* **Assigned task**: Of the records that follow, copy only the lines from the line containing "The perfect Flower" to the line containing "Как ты учишь", both included, exactly as written.

(Saved entries)
------------------------
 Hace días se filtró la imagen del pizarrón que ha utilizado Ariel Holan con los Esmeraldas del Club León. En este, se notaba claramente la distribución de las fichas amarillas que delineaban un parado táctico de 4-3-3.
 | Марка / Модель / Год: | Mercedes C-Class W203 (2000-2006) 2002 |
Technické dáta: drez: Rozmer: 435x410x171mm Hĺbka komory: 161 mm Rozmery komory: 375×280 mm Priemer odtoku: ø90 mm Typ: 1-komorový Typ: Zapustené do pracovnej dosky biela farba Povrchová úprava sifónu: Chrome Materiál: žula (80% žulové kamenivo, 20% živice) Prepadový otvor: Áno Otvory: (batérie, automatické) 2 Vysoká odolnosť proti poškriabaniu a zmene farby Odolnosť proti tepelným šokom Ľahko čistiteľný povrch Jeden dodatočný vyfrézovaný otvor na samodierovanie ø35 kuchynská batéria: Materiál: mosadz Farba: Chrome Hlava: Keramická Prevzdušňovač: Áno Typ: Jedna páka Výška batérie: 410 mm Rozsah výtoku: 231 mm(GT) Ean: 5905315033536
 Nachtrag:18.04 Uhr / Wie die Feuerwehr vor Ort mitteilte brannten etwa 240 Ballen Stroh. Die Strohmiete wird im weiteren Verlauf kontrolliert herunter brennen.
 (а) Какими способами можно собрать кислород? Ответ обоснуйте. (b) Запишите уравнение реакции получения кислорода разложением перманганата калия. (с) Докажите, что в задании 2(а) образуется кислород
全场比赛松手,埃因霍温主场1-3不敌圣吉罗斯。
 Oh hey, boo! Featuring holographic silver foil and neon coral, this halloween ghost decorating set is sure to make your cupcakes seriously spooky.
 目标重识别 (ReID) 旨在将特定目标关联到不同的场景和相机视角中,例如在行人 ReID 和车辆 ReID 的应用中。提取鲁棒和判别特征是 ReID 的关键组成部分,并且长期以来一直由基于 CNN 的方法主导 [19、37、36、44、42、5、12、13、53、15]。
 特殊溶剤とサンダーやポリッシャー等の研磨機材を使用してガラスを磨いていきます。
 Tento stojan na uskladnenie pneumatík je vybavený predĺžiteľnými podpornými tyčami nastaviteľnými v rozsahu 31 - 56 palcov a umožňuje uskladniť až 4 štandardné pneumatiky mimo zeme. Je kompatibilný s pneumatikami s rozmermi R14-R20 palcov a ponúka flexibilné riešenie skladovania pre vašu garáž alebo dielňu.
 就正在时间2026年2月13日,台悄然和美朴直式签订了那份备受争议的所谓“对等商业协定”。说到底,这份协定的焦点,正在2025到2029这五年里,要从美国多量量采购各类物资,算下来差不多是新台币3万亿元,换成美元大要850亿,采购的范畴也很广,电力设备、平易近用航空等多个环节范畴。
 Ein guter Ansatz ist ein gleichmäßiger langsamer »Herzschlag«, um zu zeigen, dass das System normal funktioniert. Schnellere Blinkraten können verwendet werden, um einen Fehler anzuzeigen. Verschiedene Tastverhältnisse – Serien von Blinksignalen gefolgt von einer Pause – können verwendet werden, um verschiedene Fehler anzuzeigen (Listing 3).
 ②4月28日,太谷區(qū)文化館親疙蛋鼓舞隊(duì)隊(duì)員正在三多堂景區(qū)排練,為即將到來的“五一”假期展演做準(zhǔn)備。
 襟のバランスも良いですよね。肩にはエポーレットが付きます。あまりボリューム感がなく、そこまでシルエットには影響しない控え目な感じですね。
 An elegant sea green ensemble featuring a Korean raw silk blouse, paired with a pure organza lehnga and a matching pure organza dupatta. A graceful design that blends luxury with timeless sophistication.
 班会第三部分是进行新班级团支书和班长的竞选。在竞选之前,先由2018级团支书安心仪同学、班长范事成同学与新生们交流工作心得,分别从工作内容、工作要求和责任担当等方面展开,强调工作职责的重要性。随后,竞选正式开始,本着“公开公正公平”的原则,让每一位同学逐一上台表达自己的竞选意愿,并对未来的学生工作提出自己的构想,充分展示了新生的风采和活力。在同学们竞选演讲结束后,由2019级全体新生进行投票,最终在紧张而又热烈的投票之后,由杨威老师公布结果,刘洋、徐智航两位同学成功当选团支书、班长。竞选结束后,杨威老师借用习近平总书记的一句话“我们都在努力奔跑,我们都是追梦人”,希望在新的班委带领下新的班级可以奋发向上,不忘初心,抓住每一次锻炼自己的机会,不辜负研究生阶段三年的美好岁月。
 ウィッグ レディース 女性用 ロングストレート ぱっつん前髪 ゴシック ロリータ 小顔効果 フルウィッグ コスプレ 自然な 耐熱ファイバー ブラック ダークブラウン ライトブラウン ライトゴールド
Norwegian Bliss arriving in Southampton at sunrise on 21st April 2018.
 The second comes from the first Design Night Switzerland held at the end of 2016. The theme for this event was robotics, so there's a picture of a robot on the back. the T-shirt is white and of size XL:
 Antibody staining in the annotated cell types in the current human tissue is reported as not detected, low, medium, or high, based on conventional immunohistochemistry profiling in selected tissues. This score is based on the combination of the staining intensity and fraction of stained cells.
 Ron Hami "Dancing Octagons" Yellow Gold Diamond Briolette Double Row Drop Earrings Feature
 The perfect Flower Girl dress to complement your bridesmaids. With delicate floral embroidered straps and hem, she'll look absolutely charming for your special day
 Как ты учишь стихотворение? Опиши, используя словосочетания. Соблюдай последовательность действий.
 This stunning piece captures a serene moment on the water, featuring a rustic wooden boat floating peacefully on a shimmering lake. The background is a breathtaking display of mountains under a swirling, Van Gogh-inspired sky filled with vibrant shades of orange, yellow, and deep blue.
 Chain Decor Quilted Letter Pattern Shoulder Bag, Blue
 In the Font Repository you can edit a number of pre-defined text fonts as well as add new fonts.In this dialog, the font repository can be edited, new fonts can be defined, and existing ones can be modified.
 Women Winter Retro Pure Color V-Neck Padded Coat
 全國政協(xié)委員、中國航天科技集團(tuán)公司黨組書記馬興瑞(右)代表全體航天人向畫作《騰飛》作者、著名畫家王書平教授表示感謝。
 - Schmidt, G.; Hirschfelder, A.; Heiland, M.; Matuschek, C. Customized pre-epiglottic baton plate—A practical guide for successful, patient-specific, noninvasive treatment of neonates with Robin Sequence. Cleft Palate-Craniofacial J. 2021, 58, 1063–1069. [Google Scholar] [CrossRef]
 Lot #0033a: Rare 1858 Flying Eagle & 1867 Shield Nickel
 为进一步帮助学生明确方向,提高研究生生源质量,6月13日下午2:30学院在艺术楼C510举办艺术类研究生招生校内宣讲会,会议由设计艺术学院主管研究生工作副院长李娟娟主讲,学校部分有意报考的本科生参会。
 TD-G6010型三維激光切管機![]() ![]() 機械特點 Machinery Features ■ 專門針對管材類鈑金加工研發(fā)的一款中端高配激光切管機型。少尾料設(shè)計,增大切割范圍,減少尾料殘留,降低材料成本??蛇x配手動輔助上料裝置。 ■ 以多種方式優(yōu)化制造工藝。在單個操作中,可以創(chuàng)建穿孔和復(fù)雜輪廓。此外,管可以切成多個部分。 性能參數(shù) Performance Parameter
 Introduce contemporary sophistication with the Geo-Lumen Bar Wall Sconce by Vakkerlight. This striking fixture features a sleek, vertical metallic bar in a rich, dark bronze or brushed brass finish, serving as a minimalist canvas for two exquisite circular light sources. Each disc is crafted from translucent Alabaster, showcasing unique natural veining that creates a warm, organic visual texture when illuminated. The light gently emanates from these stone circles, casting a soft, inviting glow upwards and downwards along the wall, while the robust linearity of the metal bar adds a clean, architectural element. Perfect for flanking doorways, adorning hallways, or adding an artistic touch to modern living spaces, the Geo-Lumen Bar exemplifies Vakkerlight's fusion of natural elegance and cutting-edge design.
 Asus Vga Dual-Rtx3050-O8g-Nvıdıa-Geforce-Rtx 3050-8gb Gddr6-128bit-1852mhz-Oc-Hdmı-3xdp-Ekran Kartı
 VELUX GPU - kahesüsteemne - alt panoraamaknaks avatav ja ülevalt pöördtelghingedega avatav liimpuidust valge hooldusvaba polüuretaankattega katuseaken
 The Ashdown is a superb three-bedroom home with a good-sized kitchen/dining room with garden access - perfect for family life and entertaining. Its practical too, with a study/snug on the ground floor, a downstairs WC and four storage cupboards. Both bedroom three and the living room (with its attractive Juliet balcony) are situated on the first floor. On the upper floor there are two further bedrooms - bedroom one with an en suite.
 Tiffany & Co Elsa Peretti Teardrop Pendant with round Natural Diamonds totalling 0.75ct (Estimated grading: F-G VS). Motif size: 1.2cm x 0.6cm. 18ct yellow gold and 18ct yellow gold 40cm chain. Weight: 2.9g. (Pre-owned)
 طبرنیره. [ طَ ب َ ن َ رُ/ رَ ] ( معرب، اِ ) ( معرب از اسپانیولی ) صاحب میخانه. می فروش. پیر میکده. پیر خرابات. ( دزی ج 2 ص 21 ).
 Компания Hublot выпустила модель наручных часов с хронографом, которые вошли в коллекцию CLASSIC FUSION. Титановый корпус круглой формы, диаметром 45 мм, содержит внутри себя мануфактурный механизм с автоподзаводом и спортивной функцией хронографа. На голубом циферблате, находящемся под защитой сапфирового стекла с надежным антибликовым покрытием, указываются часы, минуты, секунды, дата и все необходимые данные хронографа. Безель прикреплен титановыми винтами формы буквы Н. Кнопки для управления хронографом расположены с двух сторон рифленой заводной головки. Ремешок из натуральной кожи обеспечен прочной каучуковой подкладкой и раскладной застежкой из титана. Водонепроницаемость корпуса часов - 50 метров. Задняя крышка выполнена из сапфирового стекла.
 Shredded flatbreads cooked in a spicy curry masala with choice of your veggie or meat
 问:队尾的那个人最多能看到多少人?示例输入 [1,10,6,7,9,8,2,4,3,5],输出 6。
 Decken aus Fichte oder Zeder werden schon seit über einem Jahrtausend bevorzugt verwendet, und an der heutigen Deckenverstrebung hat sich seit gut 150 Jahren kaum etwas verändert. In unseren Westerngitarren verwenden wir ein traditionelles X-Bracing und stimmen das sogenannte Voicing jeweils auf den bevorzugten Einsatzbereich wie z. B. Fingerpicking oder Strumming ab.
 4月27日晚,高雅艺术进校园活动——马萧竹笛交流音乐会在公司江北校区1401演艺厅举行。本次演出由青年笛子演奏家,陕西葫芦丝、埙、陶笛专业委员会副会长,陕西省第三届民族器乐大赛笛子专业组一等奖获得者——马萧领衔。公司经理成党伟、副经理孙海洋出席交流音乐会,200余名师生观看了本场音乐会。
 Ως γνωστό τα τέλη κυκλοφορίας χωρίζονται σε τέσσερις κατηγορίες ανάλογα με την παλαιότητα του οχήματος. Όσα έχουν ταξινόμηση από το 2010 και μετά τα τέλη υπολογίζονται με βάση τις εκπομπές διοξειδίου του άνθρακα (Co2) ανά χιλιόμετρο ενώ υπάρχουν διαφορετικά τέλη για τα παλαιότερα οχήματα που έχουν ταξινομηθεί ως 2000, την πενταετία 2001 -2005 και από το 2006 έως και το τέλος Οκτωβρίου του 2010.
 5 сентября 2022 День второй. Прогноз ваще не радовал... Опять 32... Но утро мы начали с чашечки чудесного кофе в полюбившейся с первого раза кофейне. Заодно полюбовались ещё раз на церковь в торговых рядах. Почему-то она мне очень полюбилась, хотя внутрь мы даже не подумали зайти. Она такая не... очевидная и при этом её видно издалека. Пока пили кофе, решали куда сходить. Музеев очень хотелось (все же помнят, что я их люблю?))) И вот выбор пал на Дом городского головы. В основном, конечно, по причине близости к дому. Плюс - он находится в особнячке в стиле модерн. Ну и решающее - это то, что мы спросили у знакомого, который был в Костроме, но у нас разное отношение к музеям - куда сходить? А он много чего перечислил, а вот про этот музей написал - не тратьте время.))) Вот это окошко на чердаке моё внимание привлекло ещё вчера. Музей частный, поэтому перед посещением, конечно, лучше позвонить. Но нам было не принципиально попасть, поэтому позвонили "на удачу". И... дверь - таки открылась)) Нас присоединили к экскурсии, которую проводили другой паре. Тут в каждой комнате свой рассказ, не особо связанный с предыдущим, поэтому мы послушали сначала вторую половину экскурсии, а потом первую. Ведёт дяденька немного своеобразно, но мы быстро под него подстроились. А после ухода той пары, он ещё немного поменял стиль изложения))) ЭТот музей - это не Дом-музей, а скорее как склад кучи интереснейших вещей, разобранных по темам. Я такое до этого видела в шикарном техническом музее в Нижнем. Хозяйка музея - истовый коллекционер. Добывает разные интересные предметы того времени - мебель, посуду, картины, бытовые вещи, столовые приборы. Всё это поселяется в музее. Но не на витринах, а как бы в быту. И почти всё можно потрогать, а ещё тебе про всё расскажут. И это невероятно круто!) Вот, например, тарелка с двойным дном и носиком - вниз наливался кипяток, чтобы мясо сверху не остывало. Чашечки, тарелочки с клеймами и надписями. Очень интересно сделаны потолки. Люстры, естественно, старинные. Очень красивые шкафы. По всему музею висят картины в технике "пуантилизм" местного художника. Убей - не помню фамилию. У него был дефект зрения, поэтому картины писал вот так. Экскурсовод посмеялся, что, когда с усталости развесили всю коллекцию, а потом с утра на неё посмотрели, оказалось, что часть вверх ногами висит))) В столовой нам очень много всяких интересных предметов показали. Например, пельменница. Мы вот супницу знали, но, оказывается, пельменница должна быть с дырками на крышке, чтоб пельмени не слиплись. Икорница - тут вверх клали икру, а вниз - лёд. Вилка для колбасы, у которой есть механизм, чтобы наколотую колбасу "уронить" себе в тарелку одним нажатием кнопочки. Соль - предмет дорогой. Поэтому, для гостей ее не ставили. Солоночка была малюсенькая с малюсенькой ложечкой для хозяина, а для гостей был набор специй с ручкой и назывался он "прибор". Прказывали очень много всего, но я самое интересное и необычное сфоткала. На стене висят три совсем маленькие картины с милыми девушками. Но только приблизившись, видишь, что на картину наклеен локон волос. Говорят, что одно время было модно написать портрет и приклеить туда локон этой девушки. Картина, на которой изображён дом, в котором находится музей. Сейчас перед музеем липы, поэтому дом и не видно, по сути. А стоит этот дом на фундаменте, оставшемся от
------------------------
* **Output of the exercise**:
 The perfect Flower Girl dress to complement your bridesmaids. With delicate floral embroidered straps and hem, she'll look absolutely charming for your special day
 Как ты учишь стихотворение? Опиши, используя словосочетания. Соблюдай последовательность действий.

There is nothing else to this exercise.